Is FPX the right move for chrisJ?

19:00, 15 Feb 2021

After months of finalising their revamp, FPX have officially won their very first tournament. They climbed the European ladder during Snow Sweet Snow and completely dominated their opponents. The reigning champs faced Gambit Esports in the finals with a victory after going into map three. The Chinese org has waited a long time for their time to shine and put Asia on the map in Counter-Strike: Global Offensive (CS:GO). 

Snow Sweet Snow was a great opportunity for amateur teams to fight their way through a twenty-six-day event. All four of the playoff invitees fought hard to earn a first-place finish, but FPX took home forty-grand at the end of the day. 


The regional group stage saw a lot of academy invites and qualifiers including Young Ninjas, VP. Prodigy, and Astralis Talent. VP.Prodigy struggled at the beginning of the tournament which ended in an 0-2 finish. 

Young Ninjas, on the other hand, mirrored NiP’s main roster by ruling over their opponents. They won two out of three matches before entering the regional swiss stage. 

Astralis Talent fell short compared to most of their opponents, and lost their footing which ended in a 1-2 defeat. The Young Ninjas were the only academy team to make it into the top fifteen where they lost a majority of their matches but came out with a humble thousand dollar prize. 


After days of competing, the two strongest teams in the regional swiss stage were the Izako Boars and the Lyngby Vikings. Both orgs recently switched out their lineups for stronger divisions. The Izako Boars recently signed Michal "mono" Gabszewicz and Daniel "STOMP" Plominski for 2021.


Both players took control at Snow Sweet Snow and earned a top twelve finish with six thousand dollars. As for the Lyngby Vikings, Niels Christian "NaToSaphiX" Sillassen showed an excessive amount of talent following his partial release from Nordavind. They eventually fell apart in the main swiss stage and took home three thousand dollars with a lot of experience. 

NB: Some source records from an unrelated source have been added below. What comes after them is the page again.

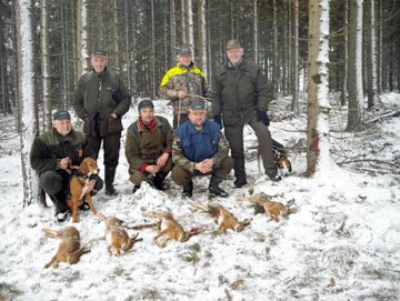 Till första grillningen vid tiotiden hade redan tre harar skjutits, och när jaktdagen avslutades vid 13.30- tiden ytterligare två. Summa alltså fem harar på en jaktförmiddag!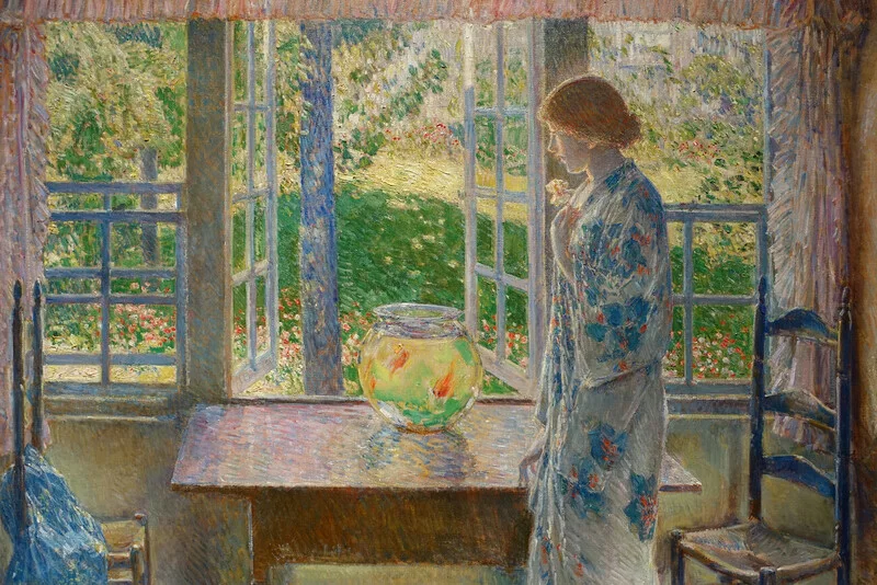 Plakát The Goldfish Window (Traditional Vintage Female Portrait of a Ginger Girl & A Gold fish Bowl) - Frederick Childe Hassam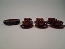 Kaffefat & assietter har bestick repor.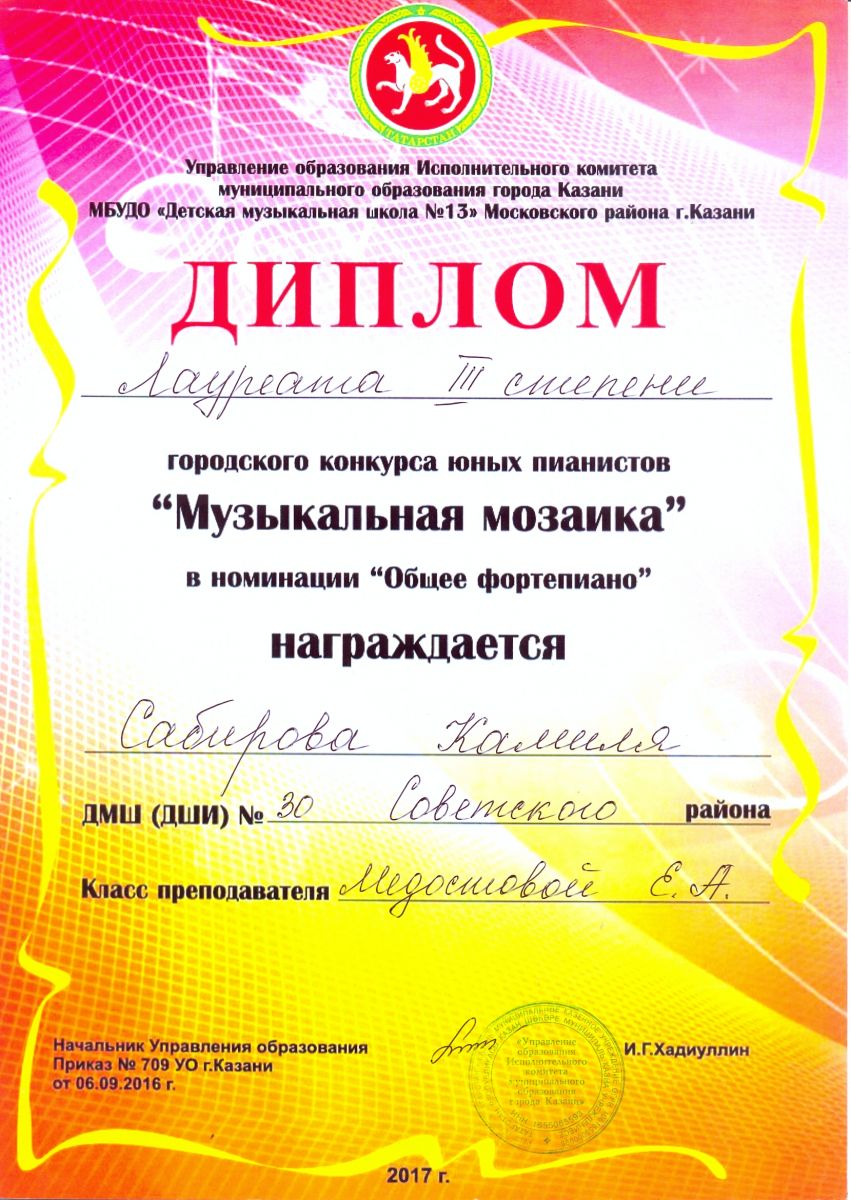 Городской конкурс юных пианистов "Музыкальная мозаика" - Сабирова Камиля -III место (номинация "общее фортепиано")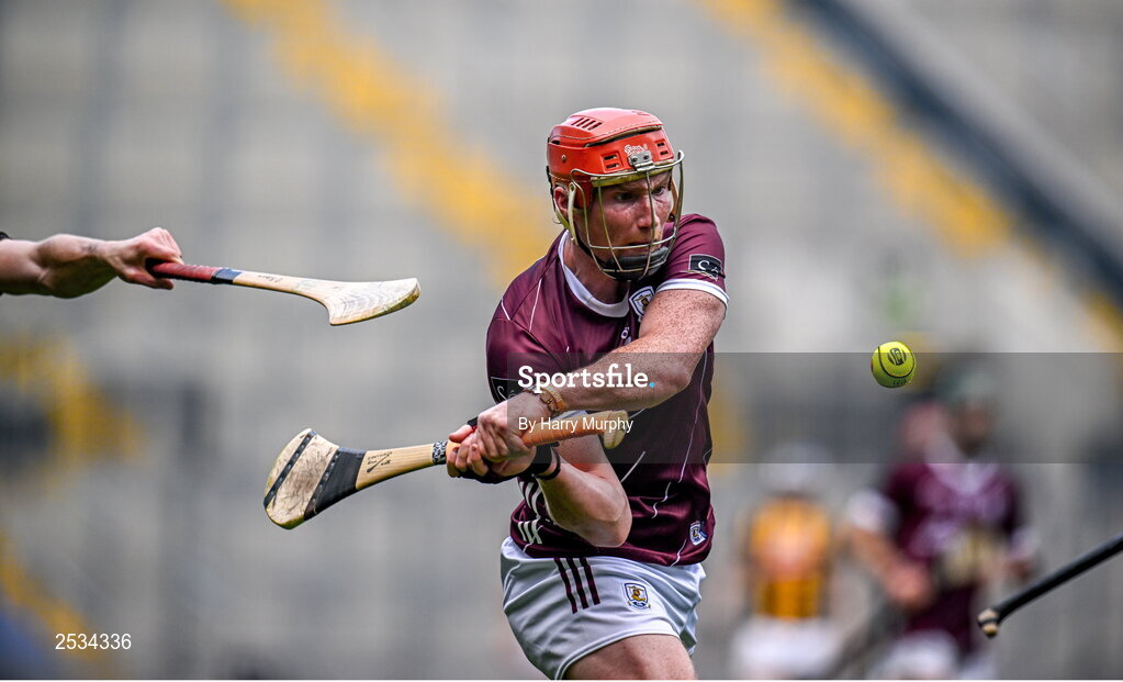 11 June 2023; Conor Whelan of Galway scores a point during the Leinster GAA Hurling Senior Championship Final match between Kilkenny and Galway at Croke Park in Dublin. Photo by Harry Murphy/Sportsfile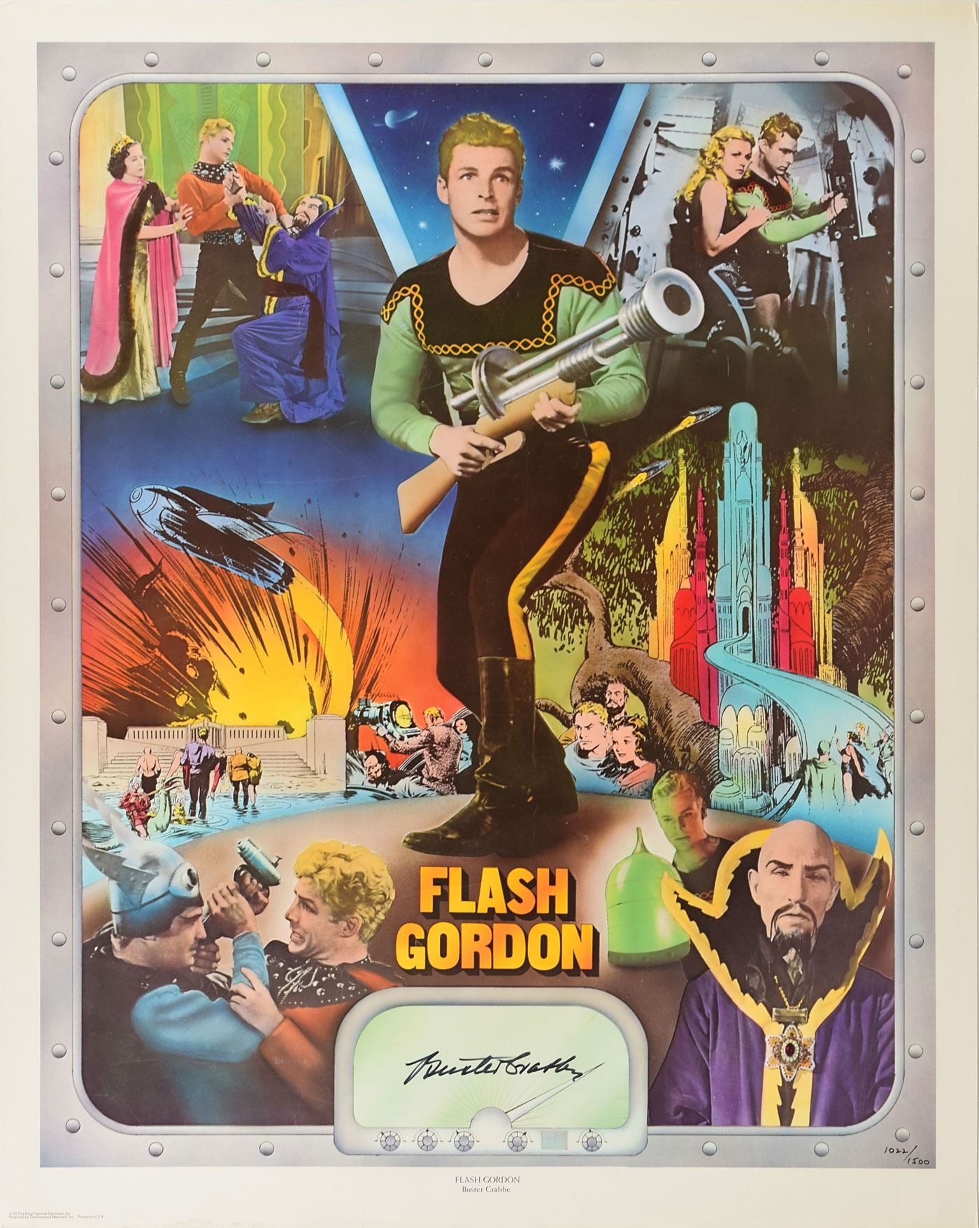 Limited edition color 24 x 30 print entitled 'Flash Gordon, Buster Crabbe,' depicting numerous scenes from the science fiction show, numbered 1022/1500, signed in black felt tip by Crabbe. Rolled and in fine condition, with scattered light creases and wrinkles.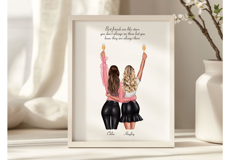 Personalised Best Friends Unframed Print - Customise Name, Hair and outfits and skin colour and Quote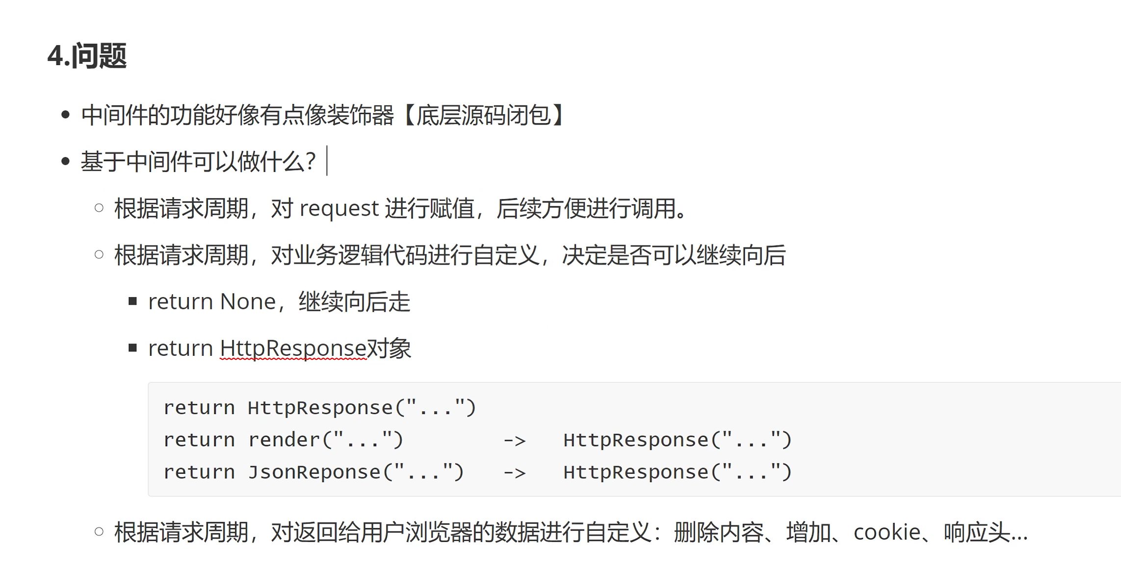比如在做用户验证或者用户登陆情况下,可以在process_request,和process_view里验证如果失败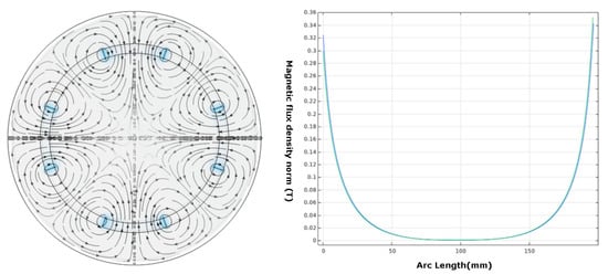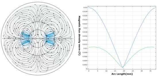 Figure 10 illustrates the force lines of the magnetic field (B), where the tangent at any given point indicates the local field direction. A higher concentration of force lines corresponds to regions of greater magnetic field intensity, whereas a sparse distribution of lines in the central region suggests a significantly weaker field. These results confirm that the magnetic field is non-uniform, exhibiting greater intensity at the periphery and decreasing toward the center.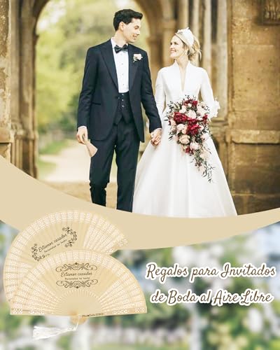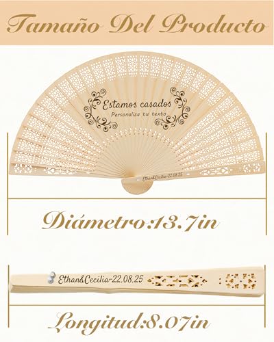 Customize your wedding ceremony or event with these personalized hand fans from zyinoant. Crafted in high-quality sandalwood, they come with options to personalize each fan with names and special dates.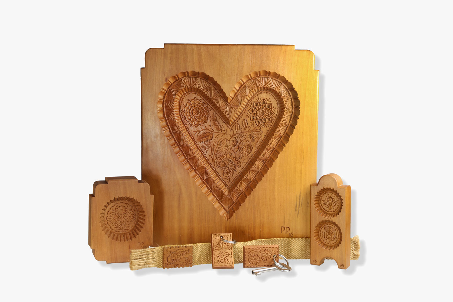 These decorative motifs were hand carved into pear wood. The objects range from moulds for cooking to book indexes and key rings. The carved pieces are finished with a wax coating to protect their surface from their varied uses.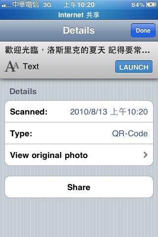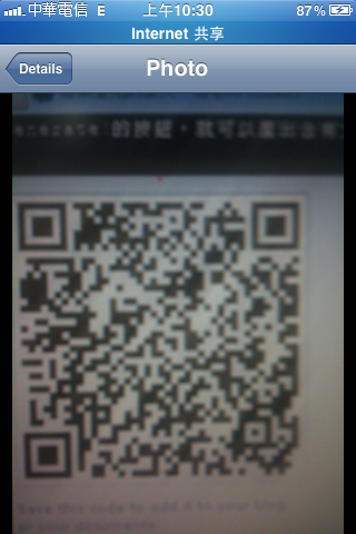 QRReader,然後開啟程式後,會開啟照相模式,把鏡頭接近QR code,它就會自動解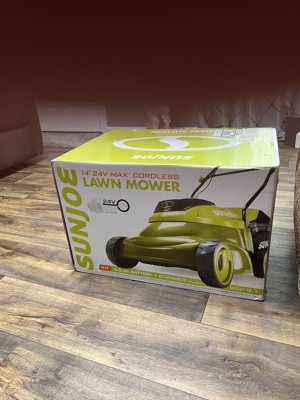 Sun Joe Cordless, Brushless Lawn Mower Kit, Rear Grass Bag, Green, MJ24C-14-XR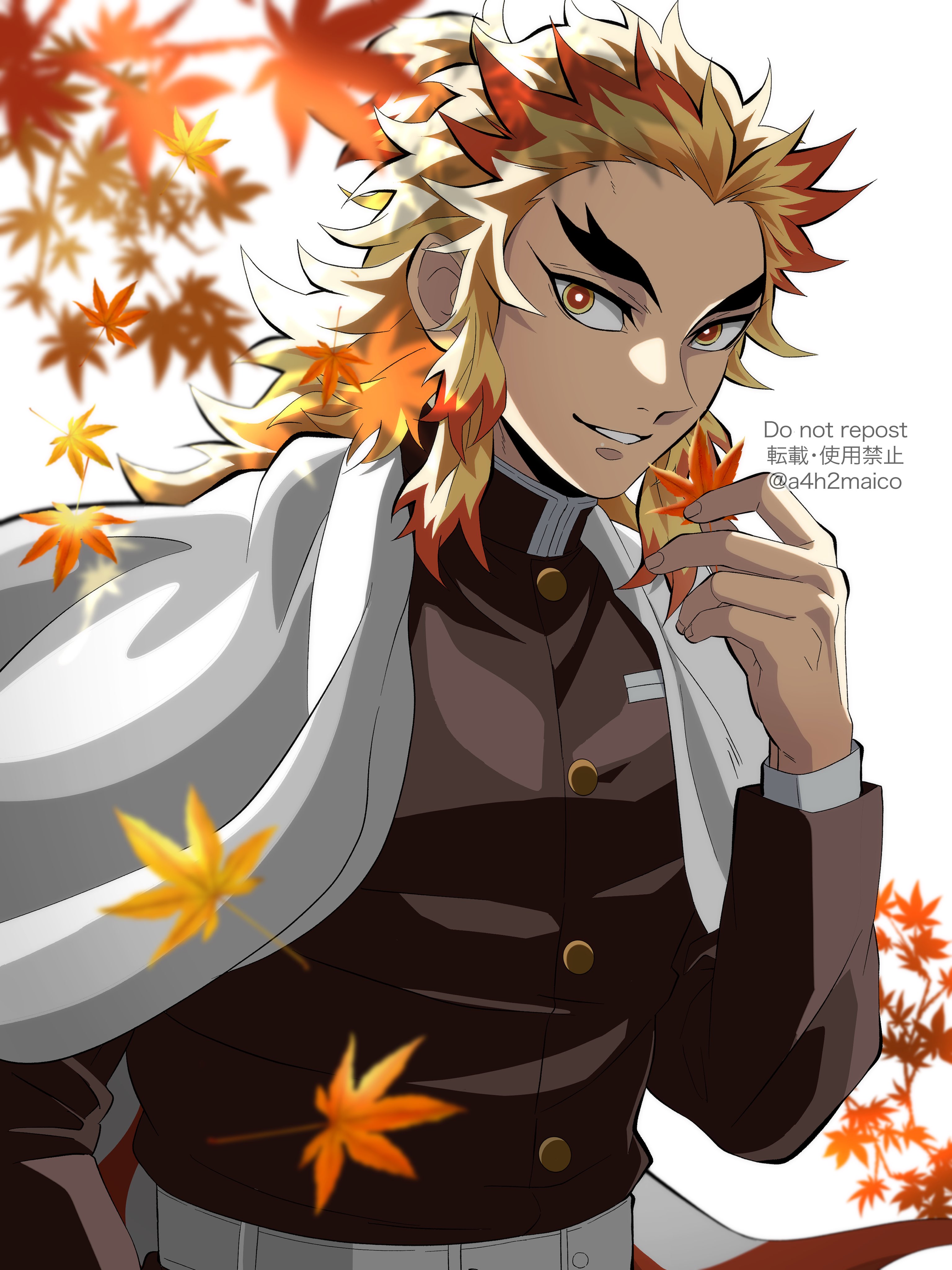 1boy a4h2maico absurdres autumn autumn_leaves blonde_hair cape colored_tips demon_slayer_uniform facing_viewer flame_print forked_eyebrows hand_up highres holding holding_leaf kimetsu_no_yaiba leaf long_hair long_sleeves male_focus multicolored_hair red_hair rengoku_kyoujurou smile solo standing streaked_hair twitter_username upper_body watermark white_background white_cape

Once the smaller teams were finished battling it out for what seemed like weeks of nonstop competition, the bigger teams entered the main swiss stage. Both ENCE and Winstrike Team finished with perfect records and earned well-deserved spots in the playoffs. 


Dignitas hit rock bottom after spending a significant amount of sweat equity into their revamp. ENCE, Sprout, Winstrike, forZe, GODSENT, Endpoint, Sangal Esports, and the Izako Boars eventually made the top eight after the main swiss stage. 

Sadly the one underdog team that made it to the playoffs eventually lost to GODSENT. It was only up until the quarterfinals when the top four teams including FPX began their journeys at Snow Sweet Snow.     


The four playoff invites included FPX, Gambit Esports, SAW, and Before entering Snow Sweet Snow, FPX was busy finalising their roster for 2021. They acquired Chris "chrisJ" de Jong on loan from mousesports and made their debut at the DreamHack Open in January. 


They finished in second-place after a close best of three set against Team Spirit. Gambit Esports finished in fourth at that event while Sprout and forZe sank to the bottom of the prize pool. 

SAW on the other hand recently finished a run at the OMEN WGR European Challenger with a second-place finish. The B-Tier event was much smaller than DreamHack but still hosted some extremely talented lineups. 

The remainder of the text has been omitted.